Agen Terpercaya  
 
 
Pasang iklan, hanya lewat Contact Us.
Waspada penipuan iklan. Klik di sini untuk melihat daftar penipu.

DRAMA Alana

CHAPTER 9



POV Alana



Aku tak tahu, harus bagaimana cara mengungkapkan perasaanku saat ini. Berbagai hal yang telah terjadi hari ini, malam ini. Semua benar-benar di luar kendaliku, apakah ini sudah di takdirkan oleh Allah SWT, bagiku, bagi putraku?

Bagaimana tidak. Pertama, putraku mendadak kambuh penyakitnya, dan bagaimana kami semua sudah benar-benar nyaris putus asa, saat putraku Rafa ingin di operasi oleh dokter Alex yang juga selama ini telah menanganinya sedari ia bayi. Harus menyiapkan darah 2 kantong - golongan darah O+ yang di butuhkan putraku, tapi golongan darah tersebut katanya lagi kosong di rumah sakit ini. Bahkan menurut dokter, golongan darah tersebut memang sangatlah langka.
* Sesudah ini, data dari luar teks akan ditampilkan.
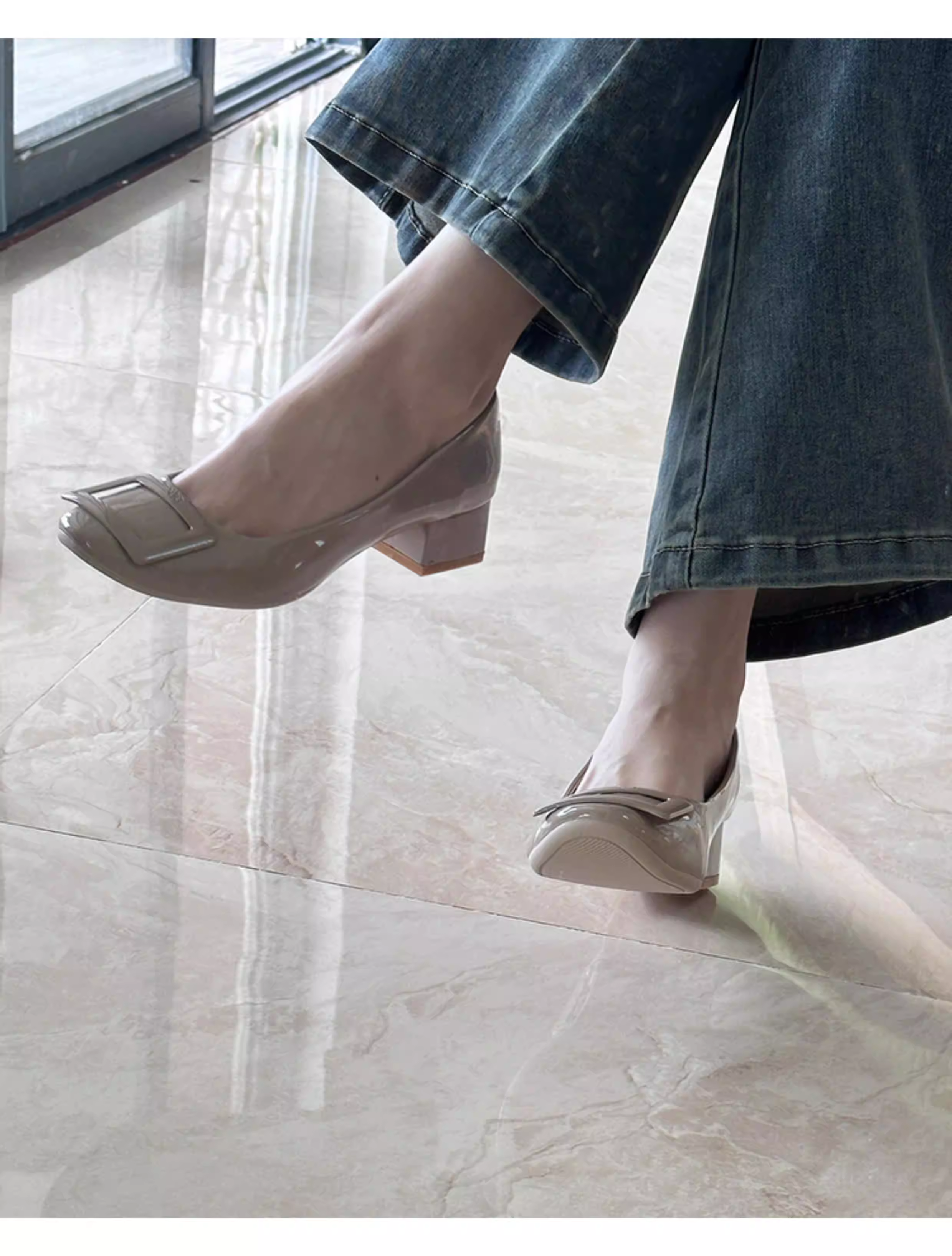 - Phiên bản da cừu ~ Giày đơn gót vuông mũi vuông dành cho nữ, phong cách dạ hội kiểu Pháp, thích hợp để phối với váy, giày đi làm mũi nông màu hồng nude dành cho nữ.

Hingga, datanglah dewa penyelamangatku dan putraku. Aku hampir tak sadarkan diri tadi, hampir di buat pingsan saat kemunculannya yang secara tiba-tiba. Dia lantas menawarkan diri untuk membantuku mendonorkan darahnya.

Yang bodohnya….

Aku juga sempat menolaknya, tapi pada akhirnya aku pun tak punya pilihan untuk tidak menerima donor darahnya yang sama dengan golongan darah putraku. Tak heran mereka berdua, laki-laki yang sangat berarti dalam hidupku ini memiliki golongan darah yang sama. Karena memang, lelaki itu adalah ayah biologis Rafa. Cuma, aku tak ingin dia mengetahuinya. Aku tak ingin dia sampai merusak hidupku yang telah ku jalani selama ia pergi begitu saja meninggalkanku.
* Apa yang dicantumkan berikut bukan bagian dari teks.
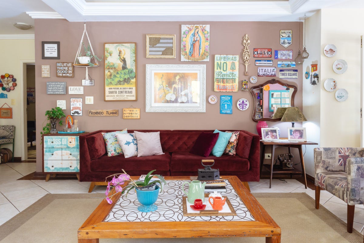 Uma mistura de móveis restaurados e antiguidades com peças modernas, pinceladas de lembranças de passeios e viagens, objetos de familiares e muitas memórias afetivas.
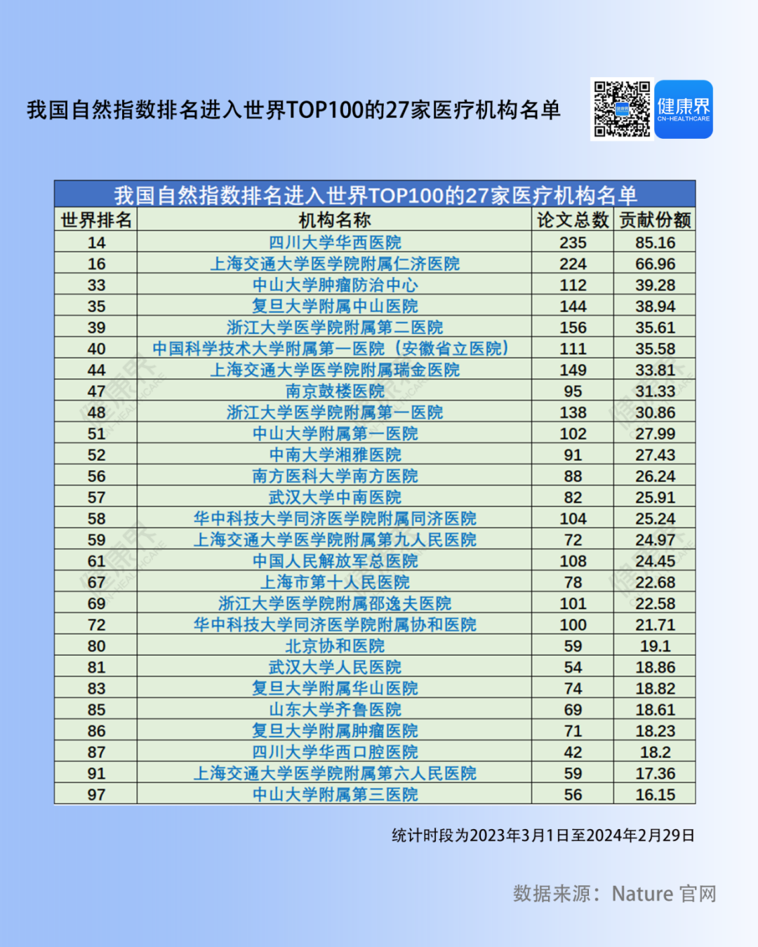 健康界查阅榜单发现,全球医疗机构自然指数排名百强中共有42家来自美国,27家来自中国。其中排名最为靠前的五家中国医院分别是:

Aku lega saat ia memutuskan untuk pergi begitu saja tanpa ada kata terucap.

Tapi, rasa sakit kembali ku rasakan di dalam sana. Entah aku harus bagaimana sekarang. Namun apapun itu, setidaknya aku bersyukur banyak-banyak pada yang maha kuasa, karena memberikan kesempatan buat putraku untuk bisa sembuh dari penyakitnya. Setidaknya begitulah yang di katakan dokter Alex tadi padaku. Pada kami bertiga, kak Risna dan Andi yang masih setia mendampingiku sampai Rafa putraku tersadar.
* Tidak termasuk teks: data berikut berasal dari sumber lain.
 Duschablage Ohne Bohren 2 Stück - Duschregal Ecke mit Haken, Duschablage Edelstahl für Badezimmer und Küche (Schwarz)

“Bu Alana” suara Dokter Alex menyadarkanku dari lamunanku. Kami bertiga masih menunggu, masih harap-harap cemas di depan kamar operasi.

“Iya dok.” aku lantas berdiri dan mendekatinya. Andi dan kak Risna ku lihat juga mendekat.

“Rafa sudah sadar.”

“Alhamdulillah ya Allah….” betapa perasaanku benar-benar kembali di terpa kelegaan yang teramat sangat. Begitupun kak Risna maupun Andi.

Tanpa terasa, sepasang mata ini mulai memanas. Mulai menitihkan air mata. Bukan lagi air mata kesedihan, tapi, mungkin inilah caraku mengungkapkan betapa aku bahagia mendengar kabar tersebut. Yang juga terucap dari dokter Alex selaku dokter yang memimpin jalannya operasi putraku tadi. Ku rasakan pelukan kak Risna di pundakku. Mencoba untuk menenangkanku.

“Nah sekarang, kalian… nanti ikut bersama salah satu suster untuk membereskan kamar inap baru buat Rafa”

“Ma… maksud dokter?”

“Kebetulan kamar Rafa akan kami pindahkan, bu Alana.”

Aku hanya bisa menarik nafas dalam-dalam. Apakah putraku akan di downgrade kamarnya dari kamaar yang sebelumnya? Karena tidak mungkin, kamarnya di naikkan dari kamar kelas 2 ke kelas 1 bukan?

“Ibu Alana tak perlu terlalu banyak berfikir. Kita semua sudah lega karena telah melewati masa kritis tadi. Yang ibu Alana lakukan sekarang, dampingi Rafa.”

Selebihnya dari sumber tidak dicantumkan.